OK, so we should pay them a pension, but surely we shouldn’t be paying the well-paid public servants gold plated pensions? Actually, well-paid public servants are very much in the minority with a considerable number getting close to the minimum wage. Courtesy of a number of changes in recent years, that “gold-plating” is looking distinctly tarnished with three separate schemes being introduced over the last 10 years, the prior schemes being closed to new members and each new scheme being markedly poorer than the one before. The latest offering is a lurch towards an average salary rather than the current final salary scheme which will be a major, major drop in the pensions that people will be eligible for though, as usual with pensions, a magnitude of a drop that most people wouldn’t realise until it was far too late.

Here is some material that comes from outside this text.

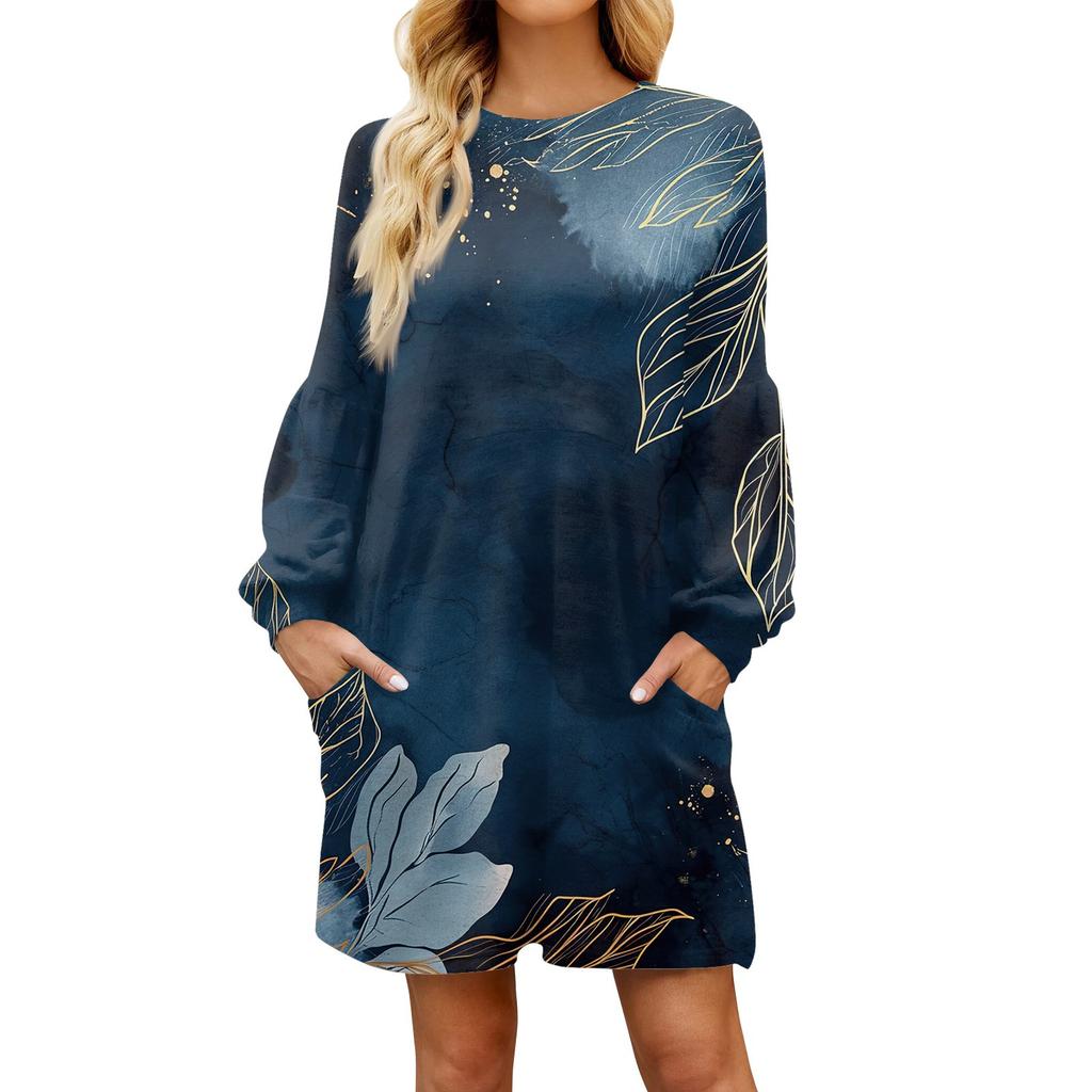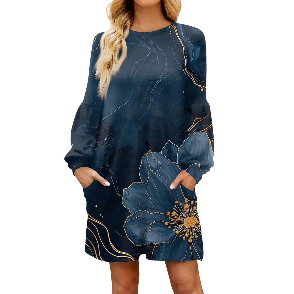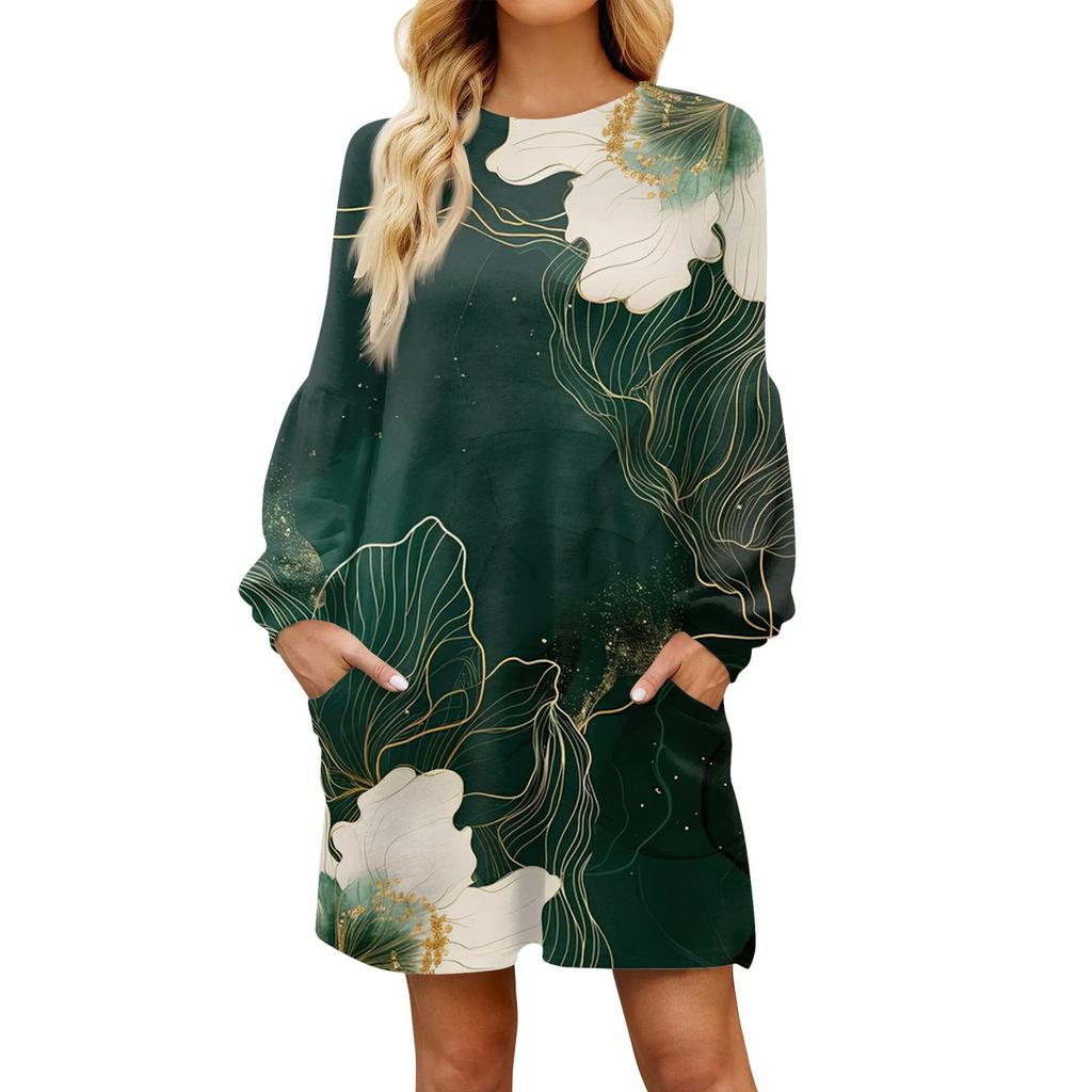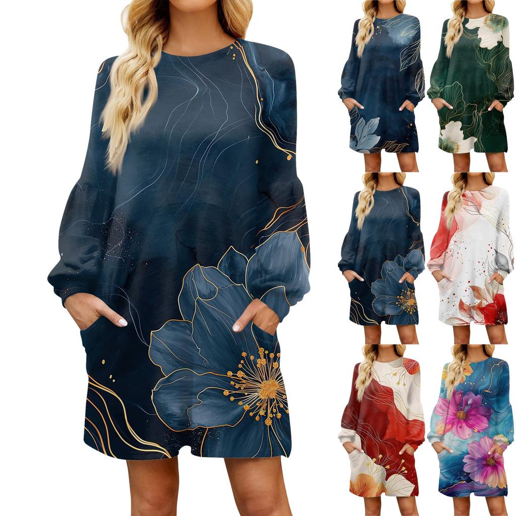 Модное женское осеннее повседневное свободное платье с цветочным принтом и длинным рукавом

In some ways it could be a good thing. The net effect, for public servants who realise it, is that their lifetime earnings is being cut quite dramatically so it might encourage more to leave for the private sector. The only snag with that is that we need those public services that the people most likely to leave provide. On the whole, those most likely to leave would be the higher earners. Do you really want to have an exodus of teachers, nurses, etc.? What about the well-paid Whitehall people perhaps? Surely they can be done without? Certainly, if you’re happy to have poor advice given to the government on all kinds of matters, you could do without them.
Should you strike? Despite being what I’d say was one of the most right wing union representatives ever, I think, yes, this is a time to show that you support your union negotiators.
Should you support the strike as a taxpayer? I think yes too as it’s really going to impact on the quality of public servants and hence public services that you get over the years to come.